Omit all pictures and transcribe only the lines in the entries below that run from the line with "Ce chariot d'atelier" through the line with "4年生の体育は、サッカーをし".

DATA UNDER STUDY section start

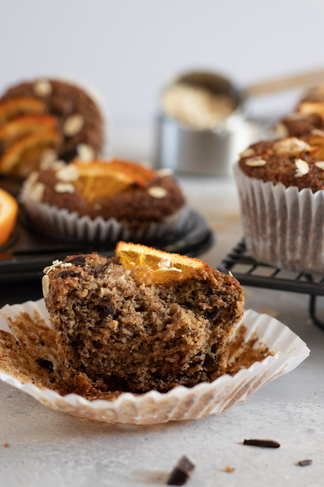 These Chocolate Orange Spice Muffins are not your average muffin, they are light and fluffy and made with healthier ingredients than most. Filled with chocolate pieces, orange zest and warming spices they make the perfect snack to have with coffee or tea!
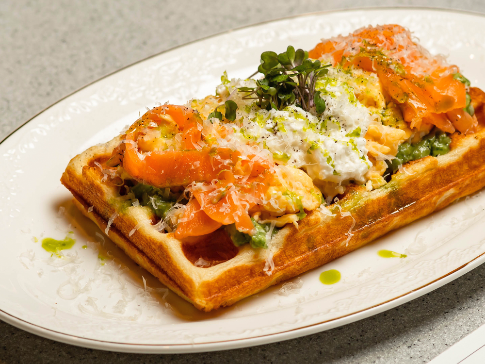 Теплая и сытная венская вафля с лососем домашнего посола, нежным кремовым гуакамоле, сытным скрэмблом, сливочной страчателлой и ароматными пармезаном и зеленым маслом
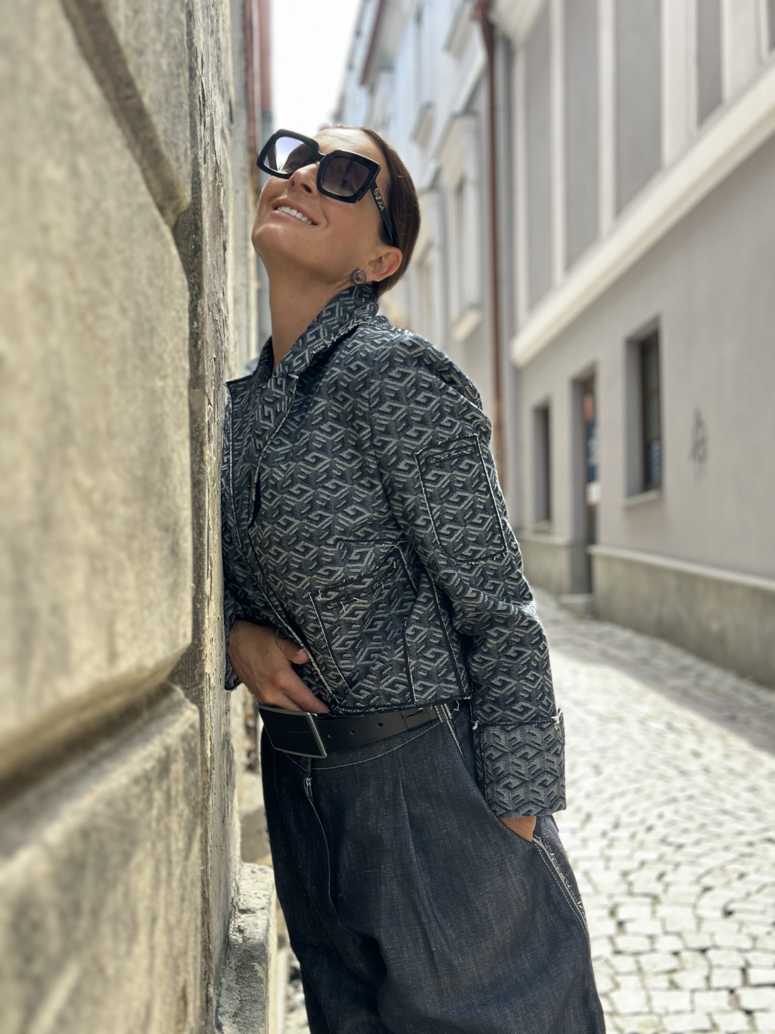 Krótka marynarka jeansowa w geometryczny deseń
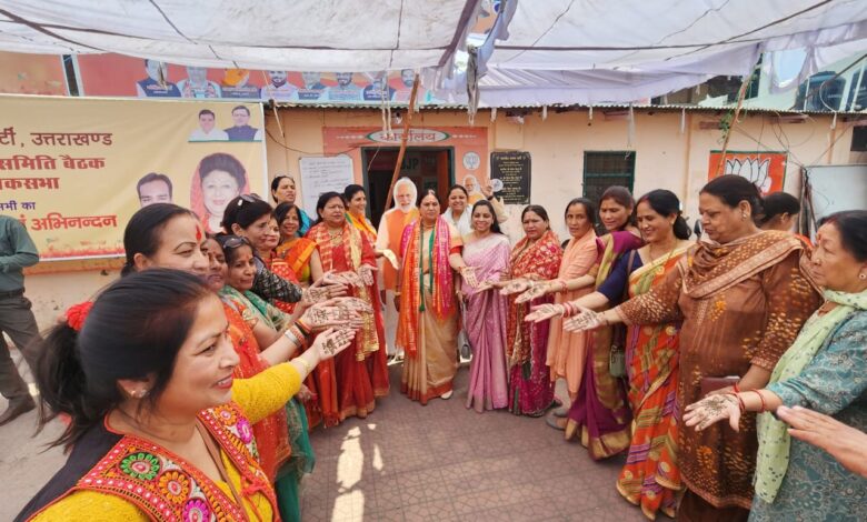 देहरादून। चैत्र नवरात्रि के पावन पर्व पर भाजपा महिला मोर्चा ने कमल मेहंदी अभियान की शुरुआत की है भाजपा महानगर कार्यालय में कार्यक्रम का आयोजन किया गया जिसमें भाजपा महिला मोर्चे के कई पदाधिकारियों और कार्यकर्ताओं ने हिस्सा लिया। भाजपा महिला मोर्चा के प्रदेश अध्यक्ष आशा नौटियाल का कहना है कि पूरे प्रदेश में कमल मेहंदी लगाने के अभियान की शुरुआत हुई है उनका कहना है कि जगह-जगह कार्यक्रम का आयोजन किया जा रहा है। जिसमें पदाधिकारी कार्यकर्ता हिस्सा ले रहे हैं साथ ही स्थानीय महिलाओं को भी आमंत्रित किया जा रहा है। उनका कहना है कि 17 अप्रैल तक प्रदेश में इसी तरह के कार्यक्रम का आयोजन किया जाएग।
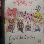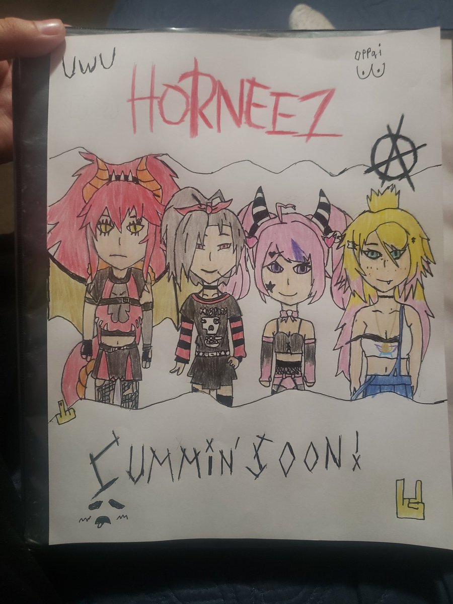 Don't miss the new band Horneez with @CovfefeChan (bass) @ironmouse (Vocals) @obkatiekat (Guitar) & @zentreya (drums) Cummin at a city near you, don't miss their hit singles Fefe's new BF, their cover of anglefuck by the misfits & more B there!🤘#ironmouseart #FeFeArt #zentreart
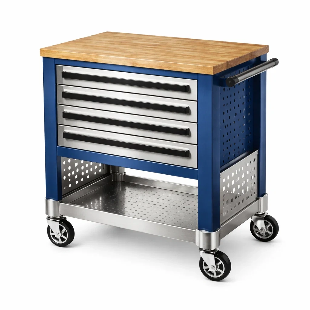 Ce chariot d'atelier est fabriqué en acier inoxydable avec un plateau en bois de hêtre. Il mesure 90 cm de longueur, 50 cm de largeur et 95 cm de hauteur. Le chariot dispose de quatre tiroirs en métal, d'une tablette inférieure ouverte et de roulettes équipées de freins pour une mobilité aisée. La structure en acier assure une grande résistance.
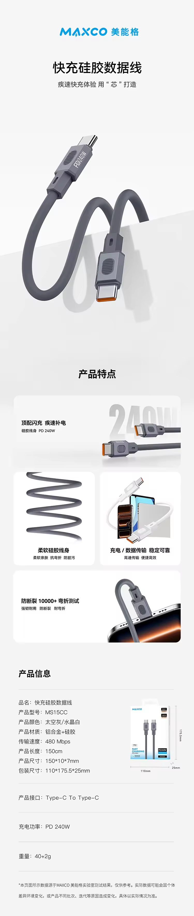 MAXCO美能格 MS15CC PD 240W 快充硅胶数据线
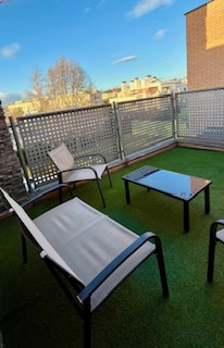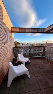 La tercera planta tiene una zona de estar, un dormitorio, un baño con ducha y dos terrazas. Parte de la terraza principal se ha cubierto para crear una zona de trabajo (actualmente se utiliza como estudio de pintura).
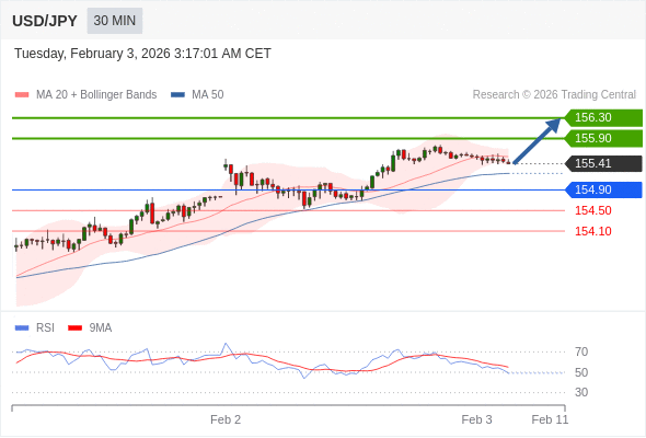在 154.90 之上,看涨,目标价位为 155.90 ,然后为 156.30 。
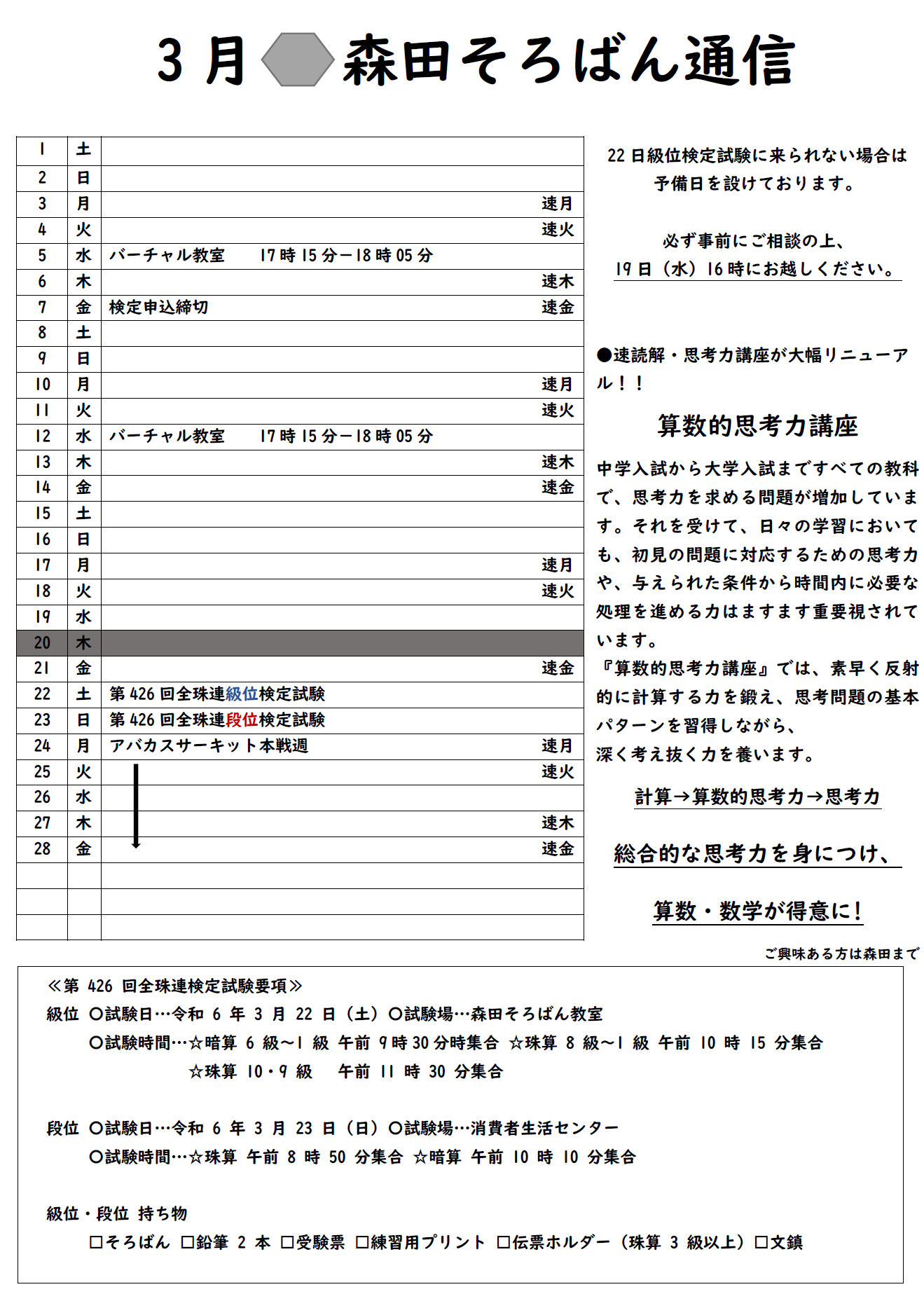 森田そろばん教室は昭和34年に先代の父が開塾したそろばん教室です。上級、段位を多数輩出した先代のノウハウを受け継ぐとともに、暗算力アップにつながるソロバンのやり方を独自に研究。2019年9月に開塾以来、早くも珠算、暗算ともに上級検定合格者多数。
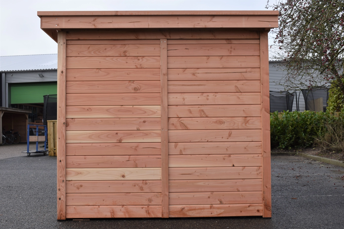 - Onbehandeld Douglashout met een gemiddelde levensduur van ca. 15 jaar. Behandeling is niet nodig. Wel zal het hout vergrijzen door de zon.
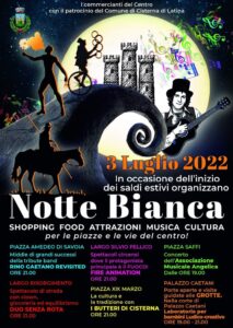 Sarà una lunga notte di spettacoli, musica, concerti, incontri, cultura, food e shopping quella organizzata per domenica prossima, 3 luglio, dai commercianti del Centro di Cisterna, con il patrocinio del Comune di Cisterna di Latina.
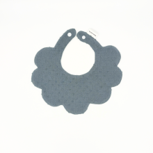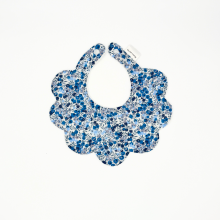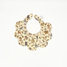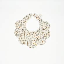 Scalloped baby bib showcasing a delicate animal and floral print in white and mustard tones. Perfect for first, going home outfits and neutral looks.
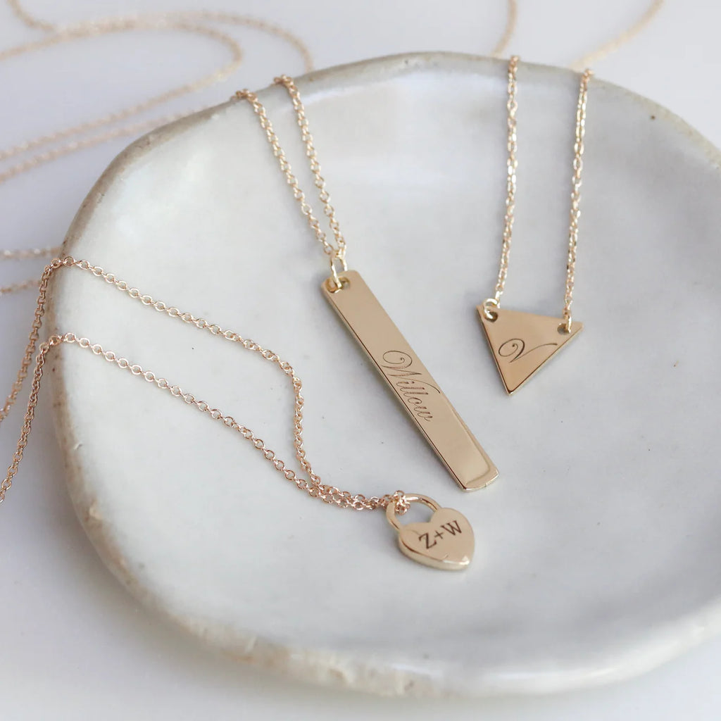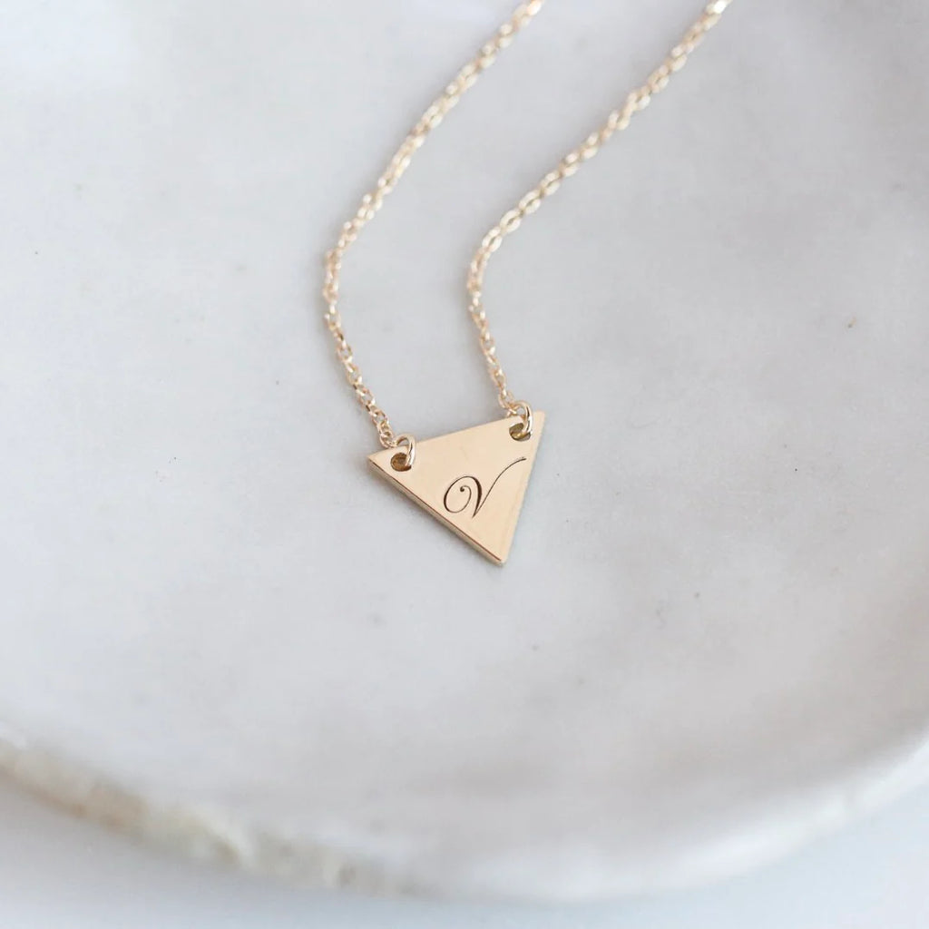 14K Gold Engravable Triangle Pendant Necklace
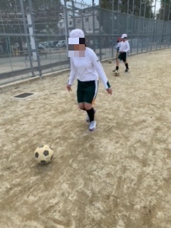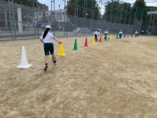 4年生の体育は、サッカーをしています。今日は、ゲームに向けてスキルを上げようとドリブルの練習に取り組んでいました。ジグザグドリブルは、なかなかコントロールが難しそうでしたが、たくさんのコーンの間をうまく通り抜けようとがんばっていました。
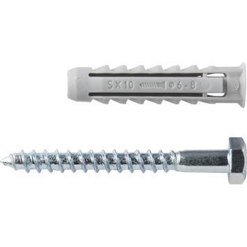 Fischer SX 10x50 S houtdraadbout en plug met kraag 5 stuks zijn van fischer waarmee je alles gemakkelijk ophangt. Het is van toepassing op verschillende soorten materialen zoals beton, gripsplaten en natuursteen. Maximaal te belasten tot 100 kg afhankelijk van het materiaal. Gebruik voor het boren van het gat een boor van Ø10mm. De plug is 50mm lang, en de houtdraadbout is 65 mm en Ø7mm. Geleverd als 5 houtdraadbouten inclusief pluggen met kraag.
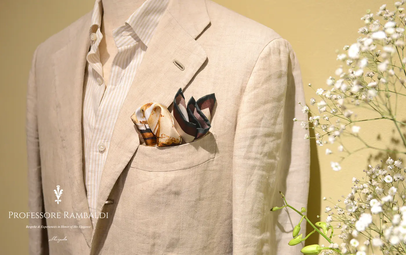 はたまたリネンシャツを合わせつつも、トロピカルウールのスラックスとシルクネクタイやチーフで全体を引き締める。そんな具合でバランスを取るのが大事ですね。
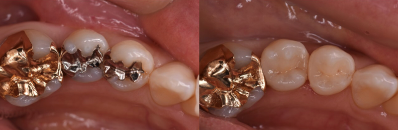 審美性はe-maxクラウンよりも良く、周りの歯が変色していても似たような色を再現することができます。
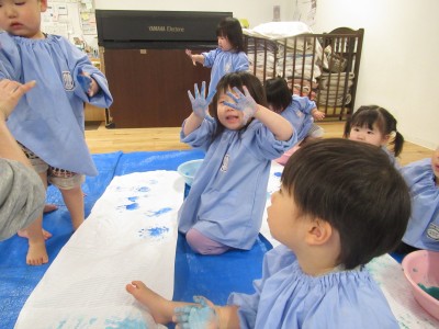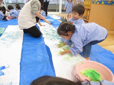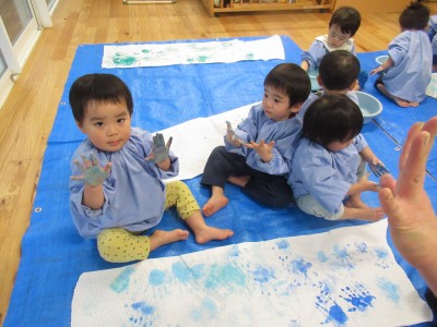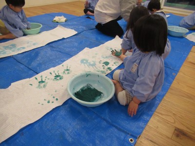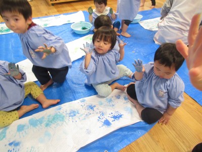 続いて・・・手形スタンプ!子ども達だけで自由に押したよ!両手いっぱいに絵の具をつけダイナミックに楽しみました(*^^*)絵の具、気持ちよかったね(>_<)
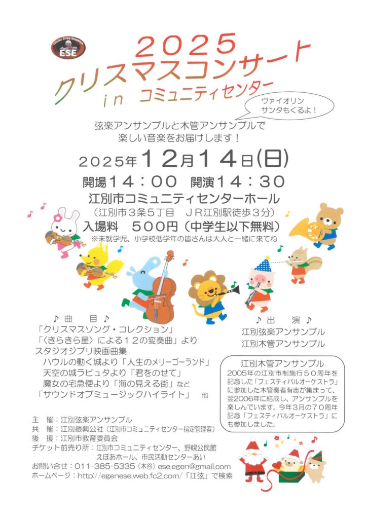- 問い合わせ: 江別弦楽アンサンブル(TEL: 011-385-5335(木谷) / E-mail: ese.egen@gmail.com)

DATA UNDER STUDY section end

▶ _SOLUTION TO THE PROBLEM_:
 Ce chariot d'atelier est fabriqué en acier inoxydable avec un plateau en bois de hêtre. Il mesure 90 cm de longueur, 50 cm de largeur et 95 cm de hauteur. Le chariot dispose de quatre tiroirs en métal, d'une tablette inférieure ouverte et de roulettes équipées de freins pour une mobilité aisée. La structure en acier assure une grande résistance.
 MAXCO美能格 MS15CC PD 240W 快充硅胶数据线
 La tercera planta tiene una zona de estar, un dormitorio, un baño con ducha y dos terrazas. Parte de la terraza principal se ha cubierto para crear una zona de trabajo (actualmente se utiliza como estudio de pintura).
在 154.90 之上,看涨,目标价位为 155.90 ,然后为 156.30 。
 森田そろばん教室は昭和34年に先代の父が開塾したそろばん教室です。上級、段位を多数輩出した先代のノウハウを受け継ぐとともに、暗算力アップにつながるソロバンのやり方を独自に研究。2019年9月に開塾以来、早くも珠算、暗算ともに上級検定合格者多数。
 - Onbehandeld Douglashout met een gemiddelde levensduur van ca. 15 jaar. Behandeling is niet nodig. Wel zal het hout vergrijzen door de zon.
 Sarà una lunga notte di spettacoli, musica, concerti, incontri, cultura, food e shopping quella organizzata per domenica prossima, 3 luglio, dai commercianti del Centro di Cisterna, con il patrocinio del Comune di Cisterna di Latina.
 Scalloped baby bib showcasing a delicate animal and floral print in white and mustard tones. Perfect for first, going home outfits and neutral looks.
 14K Gold Engravable Triangle Pendant Necklace
 4年生の体育は、サッカーをしています。今日は、ゲームに向けてスキルを上げようとドリブルの練習に取り組んでいました。ジグザグドリブルは、なかなかコントロールが難しそうでしたが、たくさんのコーンの間をうまく通り抜けようとがんばっていました。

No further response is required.